With this problem fixed, I was finally able to start working on getting distcheck working and thus trying to get a working branch out of it. The result is quite good, as I was able to get a distcheck running already, and I’m now working on actually implementing Miguel’s idea to disable the “uncommon” audio/video decoders present in FFmpeg; his work on the current 1.1 series is basically half-implemented, and probably never to be fixed, as it would require to change all the so that they take into consideration the huge amount of conditionals currently present in FFmpeg; I think once it’s completed I’ll just ask Miguel to give up on having it working in 1.1 series, as it’s unlikely to ever work decently… well, it might even work, but refreshing FFmpeg would require a huge amount of work, and we are understaffed already.

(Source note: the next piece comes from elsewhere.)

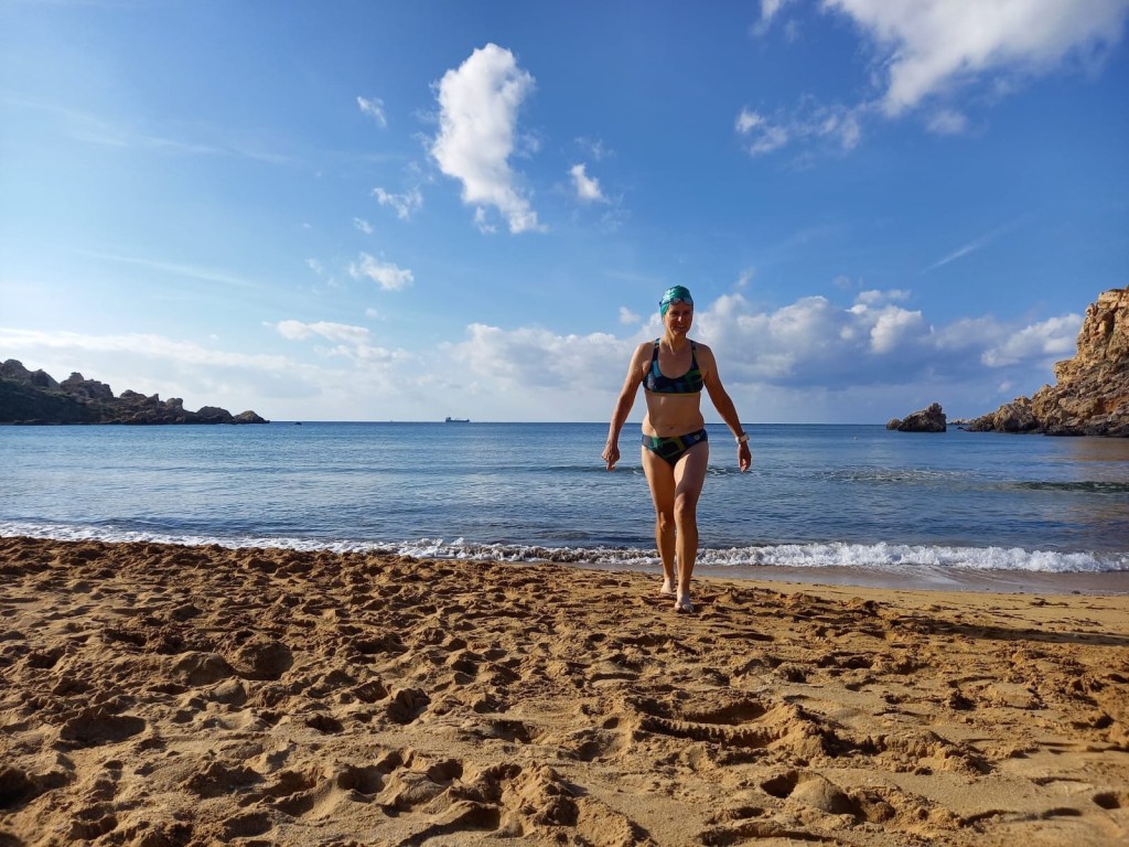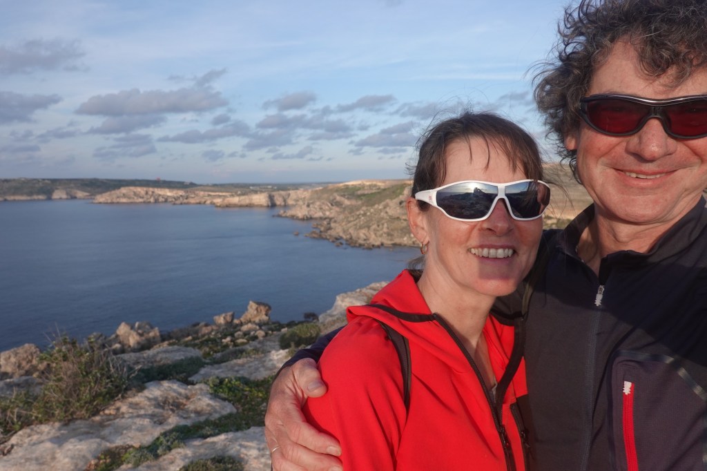 Zur Krönung schwimmen wir noch ein letztes Mal im Meer. Ende November!!! Im Café oberhalb der Tuffieha Bay genießen wir die Aussicht. Klaus möchte gar nicht mehr weiter, der Rastaman an der Café-Bar hat scheinbar den gleichen Musikgeschmack. Bei Kaffee, guter Musik und atemberaubender Aussicht genießen wir die Nachmittagssonne. Nach einem zweiten Küstenspaziergang bringt uns der Bus zurück. Sommer im maltesischen Winter ist auch was Schönes.

And by working on this branch, and on this idea, I already discovered two bugs in FFmpeg that I’ve locally patched.. the patches are now waiting (as usual) in ffmpeg-devel to be applied.

Hopefully, this will also be integrated in 1.2 series, that should then start being interesting…

The first improvement in xine with Mercurial

So, after xine finally moved to Mercurial for xine-lib management, I’ve decided to start working on those things that required me to branch out, at least on some of them that is; the first one I was able to tackle down was ffmpeg_integration, that now works fine beside the dist target.

And then I moved working on the structures, applying pahole to all the structures in libxine, even those comprising the public ABI of the library, as I could just break the ABI when needed, rather than limiting to the local structures of the plugins. Some of these changes applied to structures that are not part of the public ABI, so I ended up merging them to the main repository already, and will be present in 1.1.5, even if they are mostly bytes-size changes, that nobody beside me should care about.

But then tonight I gone looking for the 32 buttons that are/were present as an inline array in one of the video overlay structures; I was going to change the inline array with a dynamic array or with an array of pointers, so that the memory was going to be used only when actually used..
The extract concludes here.